Ski Bindings

Ski Bindings

DIN

 

DIN is the industry scale of release-force settings for ski bindings. The lower the DIN, the lower the force required to release your boots from your bindings.  DIN on ski bindings can be adjusted and should be set by a ski fitter before use, therefore this is just a guide to help you best choose bindings that will fit in the range of the DIN that you will need to have set.

 

 

Note: This chart is only for guide purposes. There are a number of factors which influence binding adjustment and the setting must be precise. This chart is only to be used to aid in the selection process for an appropriate model of binding. Do not try to set the DIN yourself.

Sole Compatibility
Bindings now come with varying compatibility for the different types of boot soles. The majority of people will just want the standard alpine downhill binding however for those who plan on touring you will want to make sure that the touring boots you use are compatible with the bindings. Below is a description on all types of sole compatibilities for you to make sure your boots and bindings work together.
Alpine Downhill (ISO 5355)
If you are just using standard alpine downhill boots like the majority of people, then you will want to use compatible Alpine Downhill bindings. Standard Alpine Downhill soles are referred to as ISO 5355’s and are compatible with the standard regular binding that you see on the mountain. If you are not wanting touring bindings or boots then these are the go to. If you are skiing regular downhill runs then these are the binding compatibility that you want.
TOUR BINDINGS (ISO 9523)
Tour bindings are specifically designed for walking uphill with the use of ski skins and are made to help you with backcountry skiing.
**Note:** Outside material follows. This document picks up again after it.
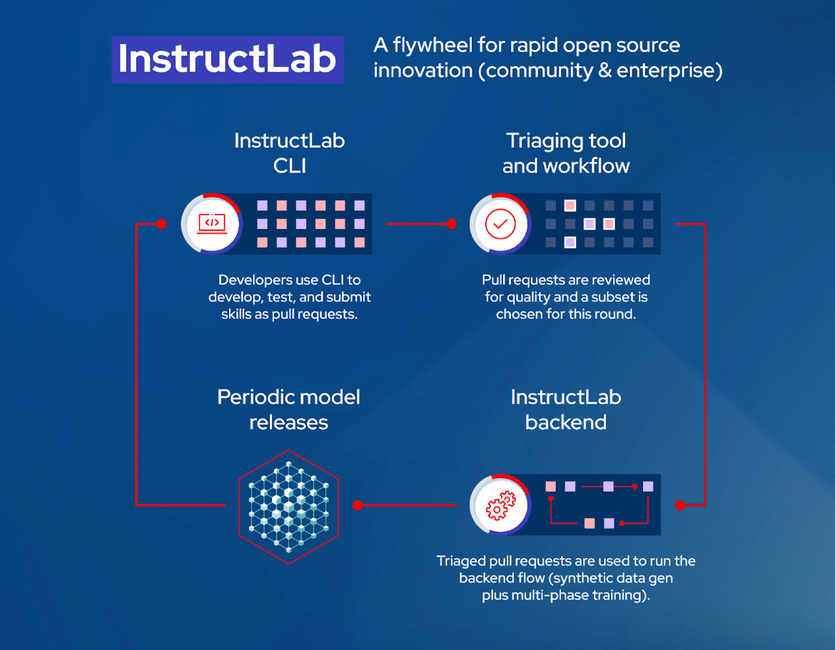 The training pipeline for fine-tuning Large Language Models typically demands data science expertise and substantial resources, posing challenges in terms of both cost and accessibility. Red Hat, in collaboration with IBM and the open-source community, aims to democratize AI development by introducing familiar open-source contributor workflows and permissive licensing to foster collaboration and innovation.

These bindings are compatible with boots that use rockered or touring soled boots which use the terminology of ISO 9523. These do not work with standard alpine boots (ISO 5355) so make sure not to use these bindings if you are using if you’re using standard alpine downhill boots.
Tech Bindings
Tech bindings are relatively new tour bindings that feature a series of pins that interface with the ‘tech inserts’ in the toes and heels of compatible boots. The advantages of this is they are extremely lightweight, but they do require a compatible boot.
Walk To Ride (WTR)
WTR-designated bindings are compatible and specifically designed for WTR ski boots. However, some traditional alpine boots (ISO 5355) are also compatible with these bindings. There are some newer models of WTR bindings that are compatible with all three standards of boots – WTR, ISO 5355 and ISO 9523.
MNC (Multi Norm Compatibility)
These bindings are compatible with all three different ski boots – WTR, ISO 5355 and ISO 9523.
TELEMARK BINDINGS
This section is to help those looking for telemark bindings to narrow down their search. Telemark bindings are bindings that only clip in the toe of your boot and let the heel flex and lift during turns. This allows for a new experience of skiing. If you are looking for regular ski equipment, ignore this section.
CROSS-COUNTRY BINDINGS
This section is to help those looking for cross-country bindings to narrow down their search. Cross-country bindings are bindings that only clip in the toe of your boot and are specifically designed for trail skiing or long distance/uphill skiing. If you are looking for regular ski equipment, ignore this section.
BRAKES
All ski bindings are required to have safety brakes. Safety brakes come in many different widths and are often replaceable. When purchasing safety brakes for your skis, make sure that the safety brake width (the distance between the two brake arms) is at least as wide as the waist of the ski you intend to put it on. For example, if your skis are 90mm wide at the waist, you will need bindings with a brake width of at least 90mm and no wider than 105mm. Please note, most ski bindings do not come with safety brakes and they will need to be purchased separately.